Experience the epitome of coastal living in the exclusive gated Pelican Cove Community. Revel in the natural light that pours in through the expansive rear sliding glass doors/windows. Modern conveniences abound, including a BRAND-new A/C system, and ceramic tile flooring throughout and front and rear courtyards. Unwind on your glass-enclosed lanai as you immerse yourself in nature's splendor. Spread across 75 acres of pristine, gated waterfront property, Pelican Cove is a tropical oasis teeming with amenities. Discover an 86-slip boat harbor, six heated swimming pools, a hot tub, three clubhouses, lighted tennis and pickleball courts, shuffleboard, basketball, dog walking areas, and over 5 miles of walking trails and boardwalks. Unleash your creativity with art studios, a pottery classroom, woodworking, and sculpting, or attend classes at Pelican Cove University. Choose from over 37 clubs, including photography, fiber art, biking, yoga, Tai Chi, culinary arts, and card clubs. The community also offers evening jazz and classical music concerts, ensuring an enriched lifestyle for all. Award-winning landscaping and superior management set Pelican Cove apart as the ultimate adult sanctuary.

==

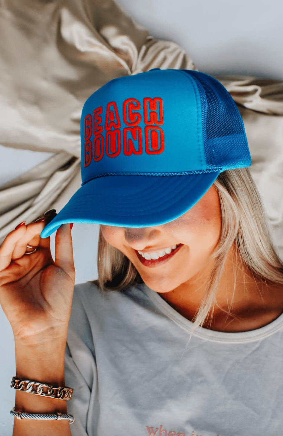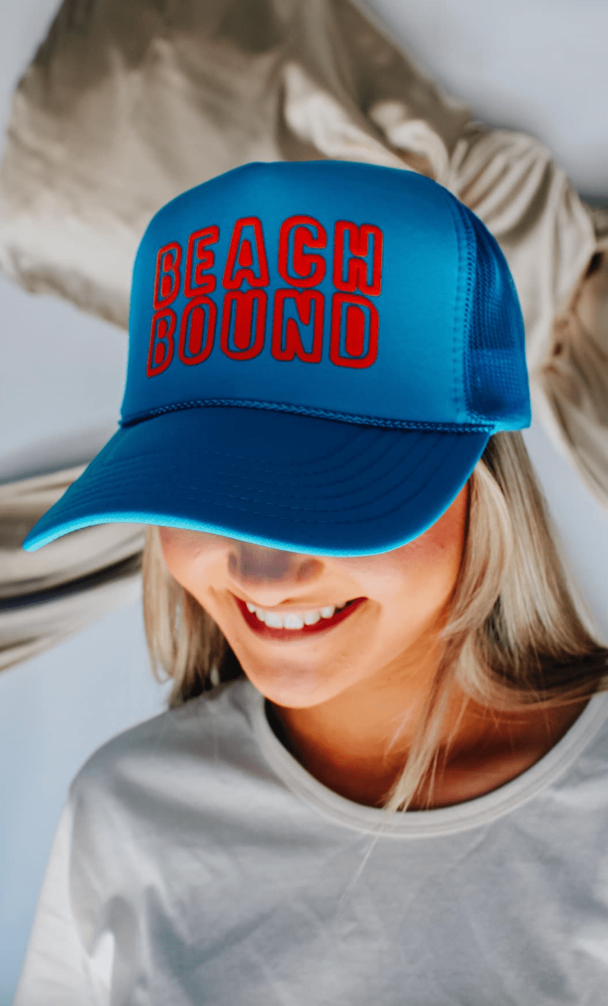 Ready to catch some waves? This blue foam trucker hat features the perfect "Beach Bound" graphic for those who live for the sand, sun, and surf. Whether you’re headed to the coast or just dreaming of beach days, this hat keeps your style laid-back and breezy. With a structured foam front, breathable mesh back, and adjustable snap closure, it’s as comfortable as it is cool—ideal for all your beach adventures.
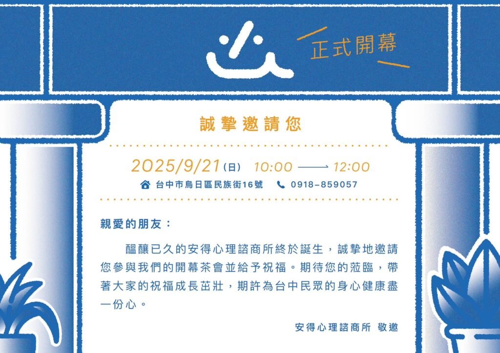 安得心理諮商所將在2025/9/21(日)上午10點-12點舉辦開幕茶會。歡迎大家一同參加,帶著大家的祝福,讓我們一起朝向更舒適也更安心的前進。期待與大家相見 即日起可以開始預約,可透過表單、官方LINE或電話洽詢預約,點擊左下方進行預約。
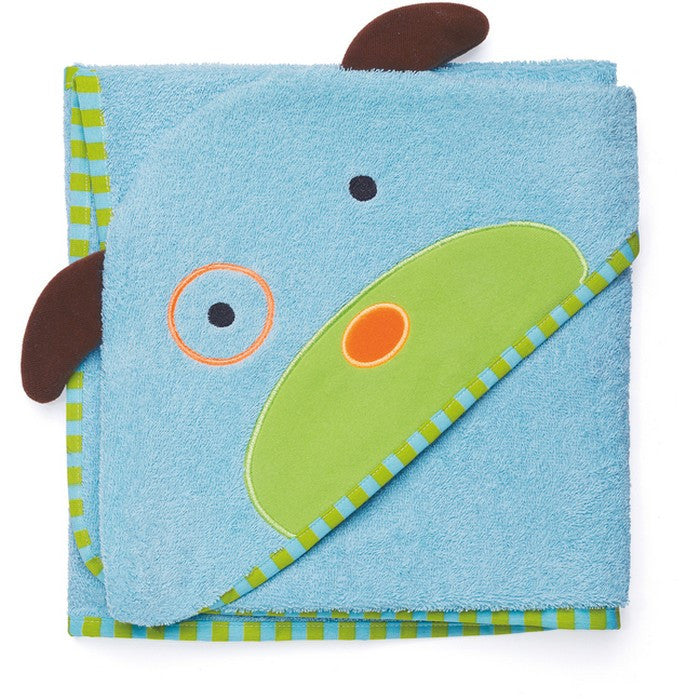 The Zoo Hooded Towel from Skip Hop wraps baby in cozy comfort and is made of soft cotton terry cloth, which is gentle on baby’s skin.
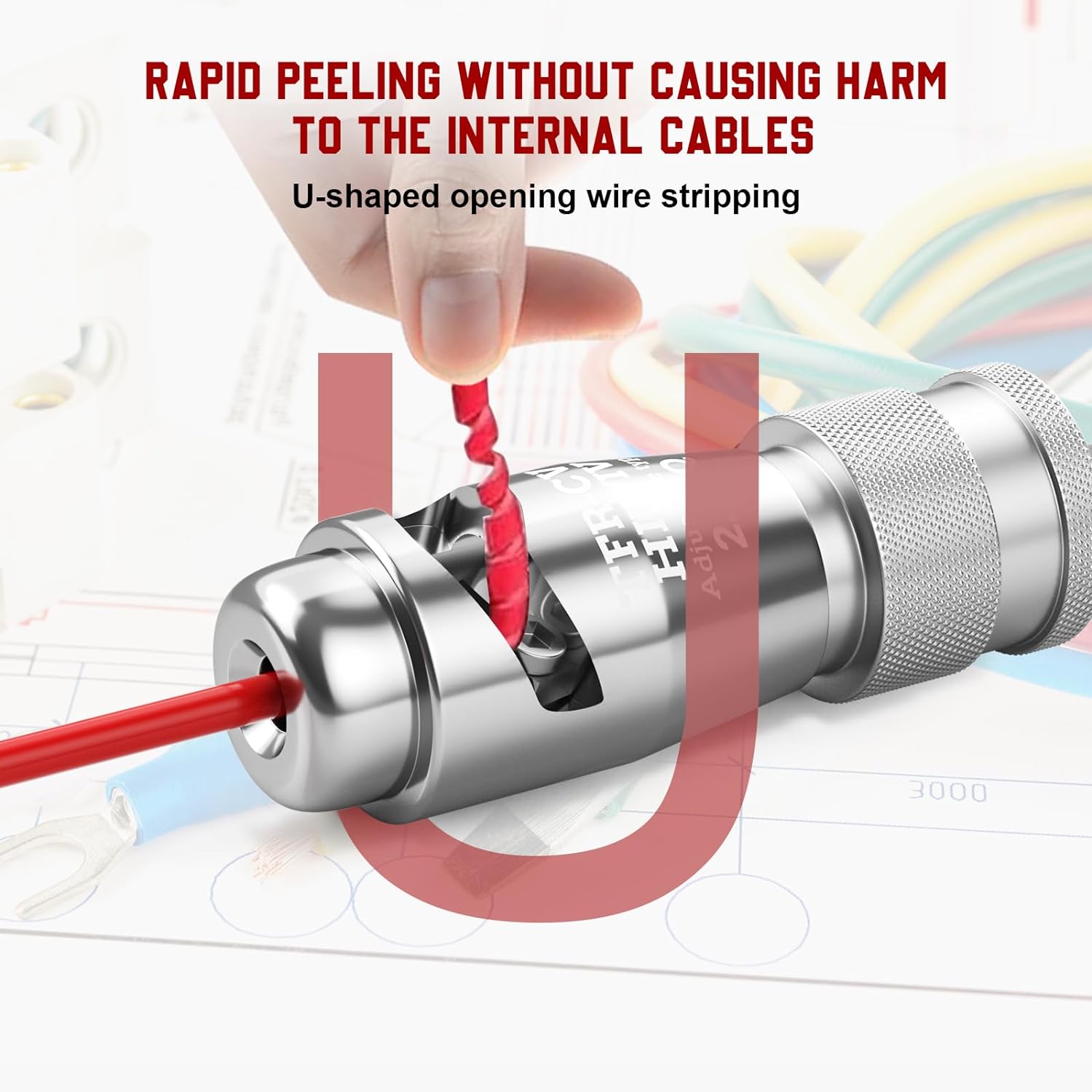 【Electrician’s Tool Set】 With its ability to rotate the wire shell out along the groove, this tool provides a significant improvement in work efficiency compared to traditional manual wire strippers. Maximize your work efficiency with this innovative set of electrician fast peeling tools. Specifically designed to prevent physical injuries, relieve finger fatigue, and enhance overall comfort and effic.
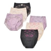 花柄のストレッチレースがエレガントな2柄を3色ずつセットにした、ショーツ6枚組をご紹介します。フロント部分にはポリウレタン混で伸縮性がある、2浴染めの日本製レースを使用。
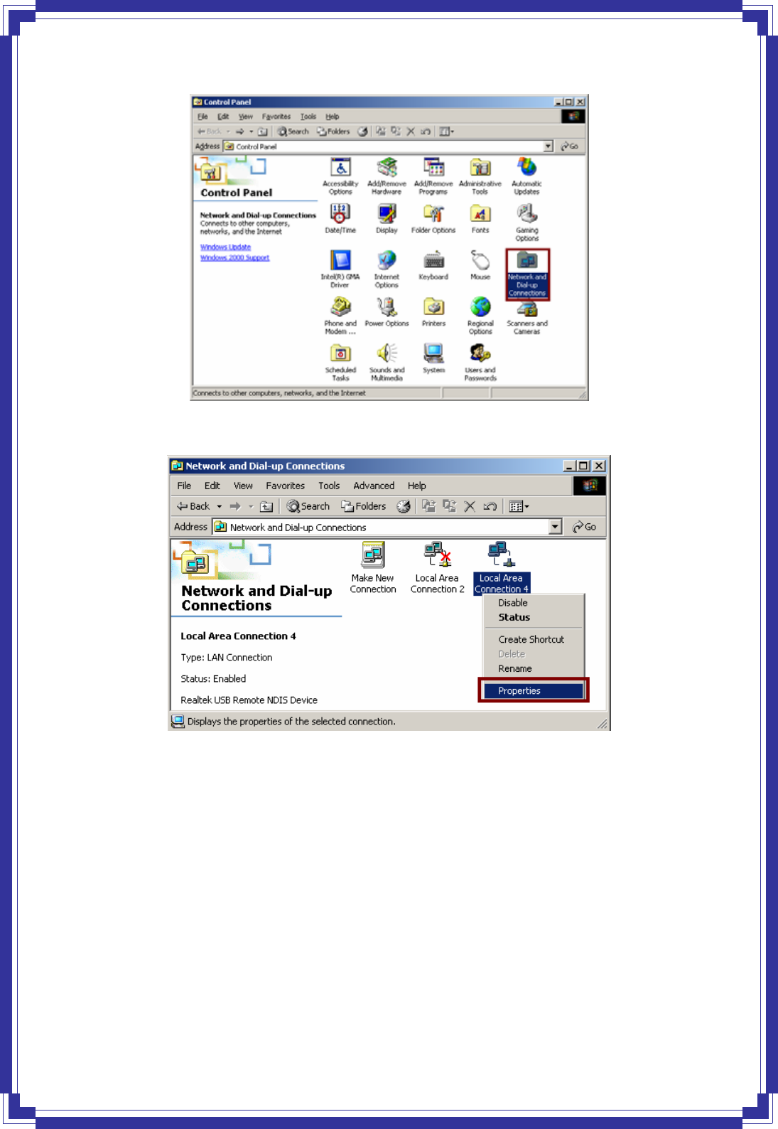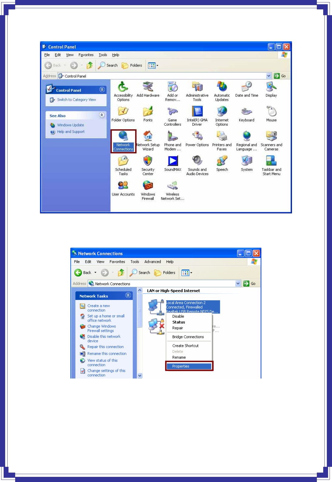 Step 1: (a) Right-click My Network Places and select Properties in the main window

==

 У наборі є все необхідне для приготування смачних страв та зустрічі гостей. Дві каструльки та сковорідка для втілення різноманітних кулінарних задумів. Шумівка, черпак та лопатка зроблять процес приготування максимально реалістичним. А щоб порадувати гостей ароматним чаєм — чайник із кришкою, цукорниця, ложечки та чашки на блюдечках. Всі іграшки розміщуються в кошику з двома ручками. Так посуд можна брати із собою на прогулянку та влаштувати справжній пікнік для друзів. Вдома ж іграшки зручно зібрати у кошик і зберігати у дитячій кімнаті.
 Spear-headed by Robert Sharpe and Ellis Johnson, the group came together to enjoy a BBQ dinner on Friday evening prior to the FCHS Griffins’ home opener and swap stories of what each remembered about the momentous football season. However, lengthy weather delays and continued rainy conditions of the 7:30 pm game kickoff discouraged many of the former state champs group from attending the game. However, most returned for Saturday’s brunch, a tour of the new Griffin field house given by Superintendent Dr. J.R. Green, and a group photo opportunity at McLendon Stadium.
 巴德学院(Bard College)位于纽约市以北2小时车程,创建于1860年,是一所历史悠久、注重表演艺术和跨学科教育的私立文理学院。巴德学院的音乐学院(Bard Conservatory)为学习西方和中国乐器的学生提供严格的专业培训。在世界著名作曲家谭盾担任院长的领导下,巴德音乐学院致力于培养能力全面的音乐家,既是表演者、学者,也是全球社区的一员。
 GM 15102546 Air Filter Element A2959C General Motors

(Problem requirements)
Using the records above, print exactly the run of lines that starts with the line with "Ready to catch" and goes on through the line with "安得心理諮商所將在2025/", pictures excluded.

(Exercise solution)
 Ready to catch some waves? This blue foam trucker hat features the perfect "Beach Bound" graphic for those who live for the sand, sun, and surf. Whether you’re headed to the coast or just dreaming of beach days, this hat keeps your style laid-back and breezy. With a structured foam front, breathable mesh back, and adjustable snap closure, it’s as comfortable as it is cool—ideal for all your beach adventures.
 安得心理諮商所將在2025/9/21(日)上午10點-12點舉辦開幕茶會。歡迎大家一同參加,帶著大家的祝福,讓我們一起朝向更舒適也更安心的前進。期待與大家相見 即日起可以開始預約,可透過表單、官方LINE或電話洽詢預約,點擊左下方進行預約。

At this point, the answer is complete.